# What is the best way of sharing files linux - linux [SOLVED]

## fatshady

I am trying to work out how best to share lniux to linux.....

One machine if a file server, and the other is my desktiop machine. I am going to have to put samba on the file server to share the files with my g/f's win2K machine, but is there a better way of sharing linux box -> linux box?

TIA

D

----------

## nizar

NFS

----------

## noathustra

NFS is certainly the way to go. Once you get it up and running you might consider moving your /usr/portage to an NFS share. See threads in these forums for howtos and issues to be aware of. Indeed, if your systems have similar architectures you can create a single package store.

----------

## fatshady

OK - cheers.

I'll look into that tonight..

D

----------

## bunsen

I'd consider a firewall or something. While viruses seem to be a much smaller direct threat to *n*x, an infected machine on the same network can become a local source of network attacks. Of course attacks are attacks and the traffic will still exist, but  some care in that respect might save some grief in future. 

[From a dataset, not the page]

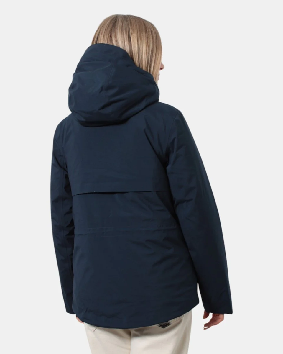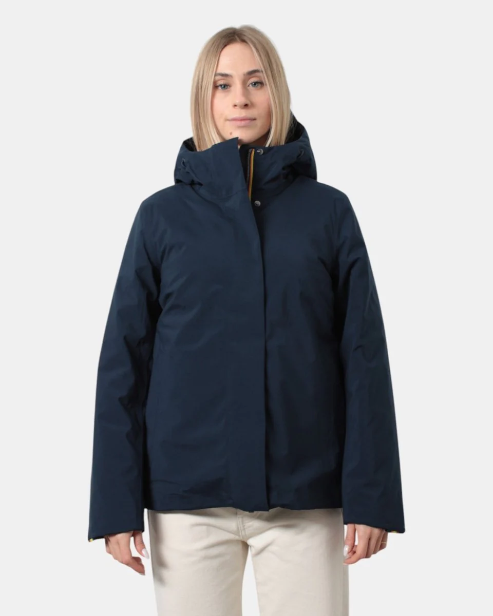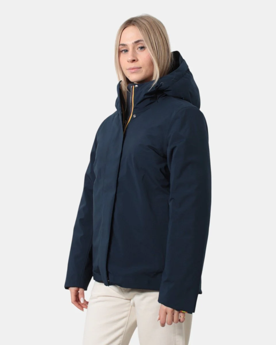 Il giubbotto con cappuccio di K-Way presenta chiusura frontale con zip, due tasche frontali oblique con chiusura a bottone e maniche con elastico. Presenta losanghe oblique internamente ed è composto per il 76% da poliestere e per il 24% da poliuretano. Si consiglia lavaggio delicato a max 40 gradi. La modella è alta 1,65 m e indossa una L
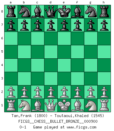 Last move : 0-1 2016 February 28 16:59:28 [Event "FICGS__CHESS__BULLET_BRONZE__000900"] [Site "FICGS"] [Date "2016.02.28"] [Round "1"] [White "Tan,Frank"] [Black "Toutaoui,Khaled"] [Result "0-1"] [WhiteElo "1800"] [BlackElo "1545"] 0-1 This chess game has been lost on time (started : 2016.02.28 11:48:36) Player Black won this chess game. Follow this game move after move (download)Good positions don't win games, good moves do. (Gerald Abrahams) Im Wettkampf zwischen starken Meistern kommen Fehler sehr selten vor, deshalb ist es mit bloßem Warten nicht getan. (José Raúl Capablanca) No volvere nunca a jugar contigo. Has insultado a mi amigo. - cuando un oponente se maldijo por una mala jugada (Miguel Najdorf) Toute estimation doit être constamment réévaluée. (Jacob Estrin) God is an atheist. (Unknown)

At work, on a linux box surrounded by Win2k boxes, I occasionally notice the effects of a virus-infected machine attacking my port 80. NFS might be a less likely target.

Just an idea.

----------

## fatshady

I'm behind a router/firewall for my b/band connection so that shouldn't be a problem. I have only opened ports on the router I want (like 22, and 80)...

It should be OK, although there is new firmware out, and I am a little dubious about updating, cos you can be sure that when it is half way through the power will dies and the router will become useless!!

----------

## bunsen

I was thinking of between the win2k box and the NFS server really. The firewall might separate your NFS from the wild outdoors, but if a virus infected system lives behind the firewall, what protects yor NFS then? 

Maybe I'm a bit paranoid.

And, how come monosyllabic has five syllables?

----------

## fatshady

The win2k machine should be fine - I keep it up-todate for her...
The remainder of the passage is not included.